Ranieri mentre interpreta la canzone di Charles Aznavour “Quel che si dice” che racconta la storia di un omosessuale. I musicisti sono tutti in controluce come fossero guardoni e su Ranieri un controluce blu alogeno e frontali alogeni con un rosa danno maggiore calore all’incarnato del viso (courtesy photo: Mario Borghesi)

“In un altro mio lavoro fatto con Fabretti, il “Riccardo III” di Skakespeare, abbiamo perso giornate intere per fare un sagomatore che mettesse la luce ‘solo’ sui miei denti, sulla mia bocca, perché in quel momento il personaggio vuole dire solo questo, ‘il silenzio’. In quella scena ero accovacciato per terra e dovevo alzarmi e ‘prendere’ assolutamente quella lama di luce…Il pubblico se ne accorge e capisce se una cosa è fatta tanto per fare o è fatta per bene”.

Come valuti il futuro del teatro, anche in relazione all’utilizzo delle nuove tecnologie oggi disponibili?

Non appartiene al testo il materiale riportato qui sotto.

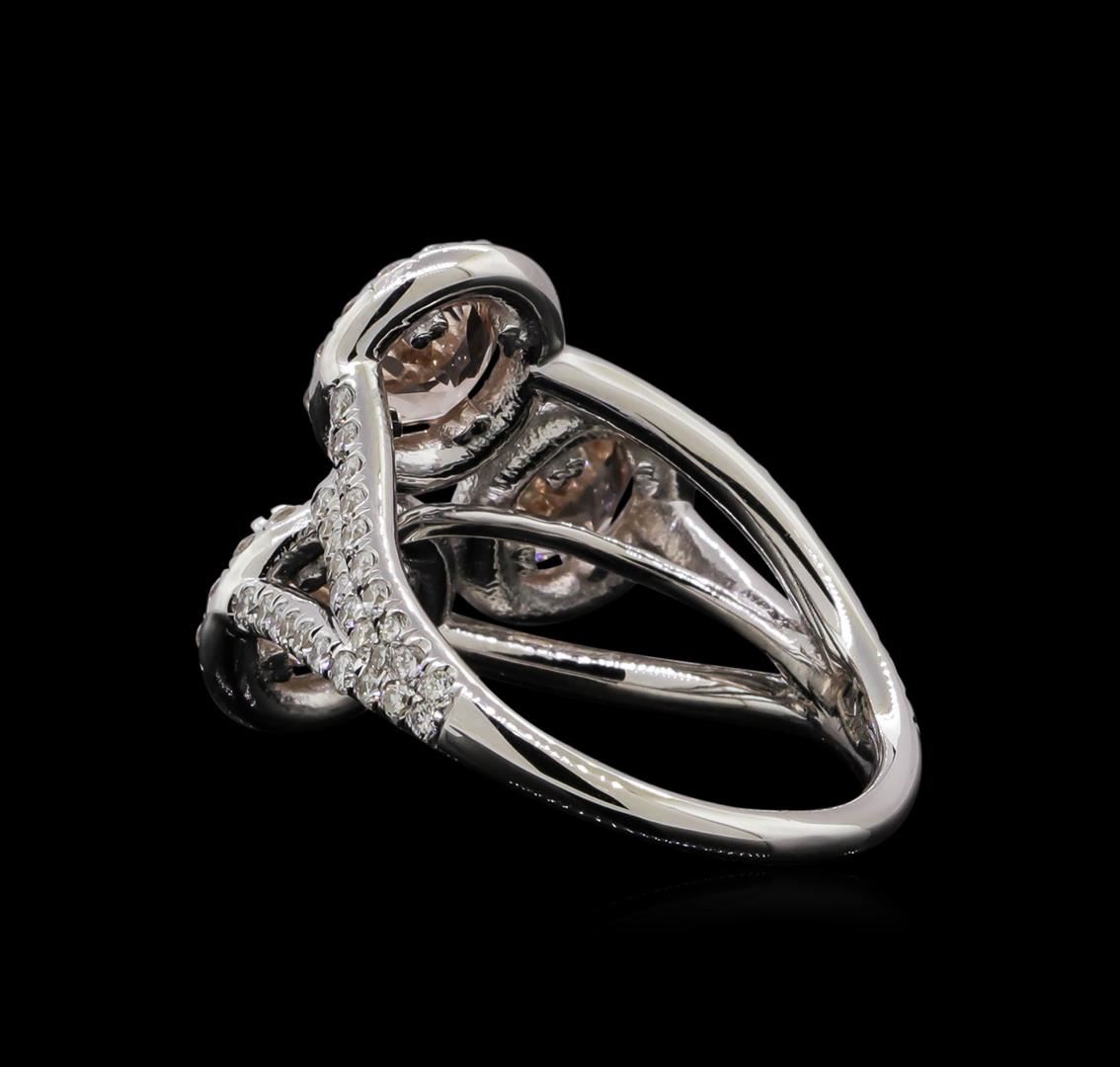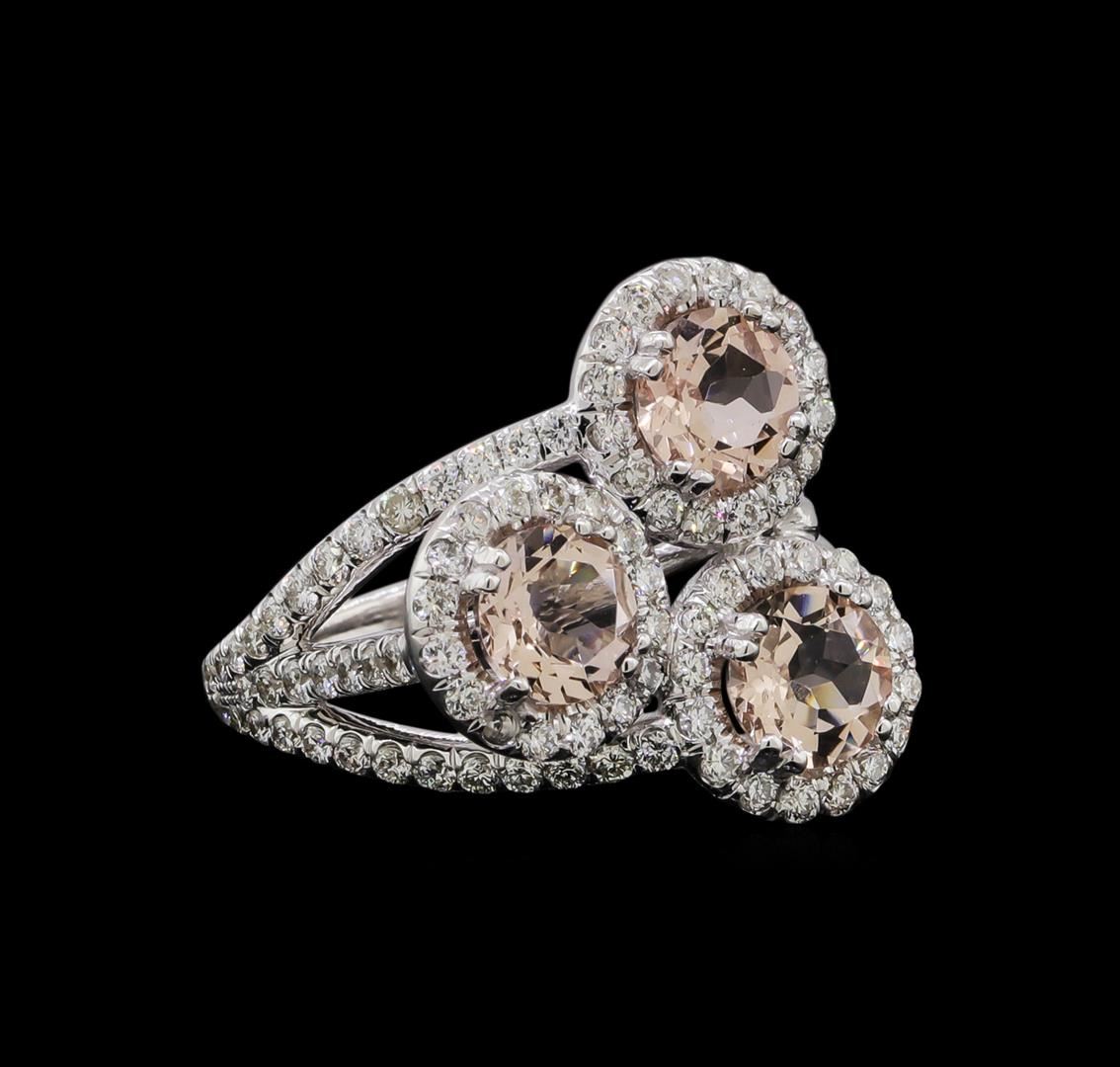 One electronically tested 14KT white gold ladies cast & assembled morganite and diamond ring with a bright polish finish. The ring features a cluster of three morganites set within diamond bezels supported by diamond set three-way split shoulders, completed by a one and one-half millimeter wide band. Identified with markings of '14K'. Condition is new, good workmanship. Containing: Three prong set round mixed cut natural morganites, measuring 6.00 - 6.00 x 3.50 mm, approximate total weight of 2.07ct., clarity is eye clean, type I, light, slightly brownish, red orange color, (GIA RO 3/2), cut is good. Transmitting light with no distortion, transparent. Measurements & the color grade are an average for the group. Graded in the setting. Eighty-Eight prong set round brilliant cut diamonds, measuring 1.50 - 1.50 x 0.90mm (depth est.) approximate total weight of 88 Stones = 1.16ct. Graded in the setting. Clarity SI-1 to I-1. Color: F - H Twenty-Three prong set round brilliant cut diamonds, measuring 1.40 - 1.20 x 0.78mm (depth est.) approximate total weight of 23 Stones = 0.20ct. Graded in the setting,. Clarity SI-1 to I-1. Color: F - H. Total Weight of Colored Stones 2.07ct.. Total Weight of Diamonds 1.36ct.. Total Weight of Ring 6.97gm. AIG Appraised at $6,440.00.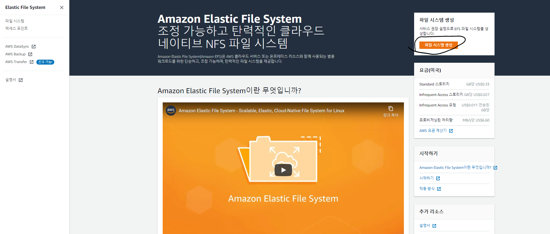 https://ap-northeast-2.console.aws.amazon.com/efs/home?region=ap-northeast-2#/get-started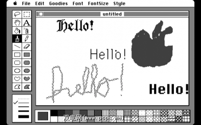 在System 7原始图像中,您可以看到BBEdit的早期版本。在集合中,您可以使用MacDraw在原始Mac演示中的经典“ Hello"上创建riff。简单的黑白图形可以实现的图案数量仍然非常惊人。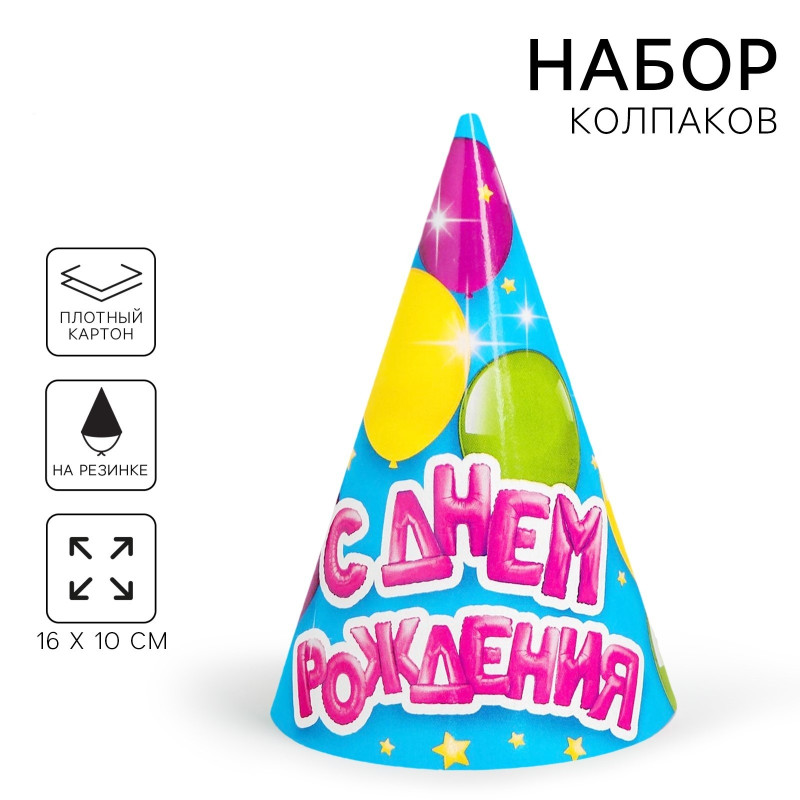 2772585 Набор ярко голубых колпаков "С Днем рождения! Воздушные шарики" (10 шт.)

“..Facciamo un passo indietro: ci sarà un futuro per il teatro? Viviamo un momento molto difficile nel quale di teatro se ne fa sempre meno. Se uno pensa che fino a dieci anni fa le tournee duravano sei-sette mesi , mentre oggi se tutto va bene, anzi benissimo, durano due-tre mesi!… Devi limitare la tua permanenza due giorni-tre giorni massimo in un posto e via di questo passo.. tutto si è ridotto…”

“Con un altro mio lavoro, “Il Gabbiano”, sono stato a Roma in tutto dodici giorni, in una città come Roma di 4 milioni e mezzo di abitanti: quanti avranno potuto vedere questo spettacolo? …Anche facendo i pieni tutte le sere… Nel 1983 con ‘Barnum’ al Sistina sono stato 8 mesi e avevo il pieno tutte le sere… Nel 1998 con ‘Hollywood’ con la regia di Patroni Griffi ho fatto un mese e mezzo, e con il mio ‘Canto perché non so nuotare’ nel 2007 altri tre mesi.. Per cui il futuro del teatro? Oggi come oggi non ti so rispondere”.

“Sul piano tecnico il teatro non comporta l’impegno di un concerto dal vivo con un palco da 30 metri… non abbiamo uno spreco di luci… Mi auguro ovviamente che avremo sempre delle innovazioni, ma non credo che si tramuteranno in compromessi. La luce LED non è il PAR, non dà lo stesso calore, non c’è niente da fare, è più piatta e fredda.. ma dobbiamo trovare sempre il modo di utilizzarla nel migliore dei modi possibili”.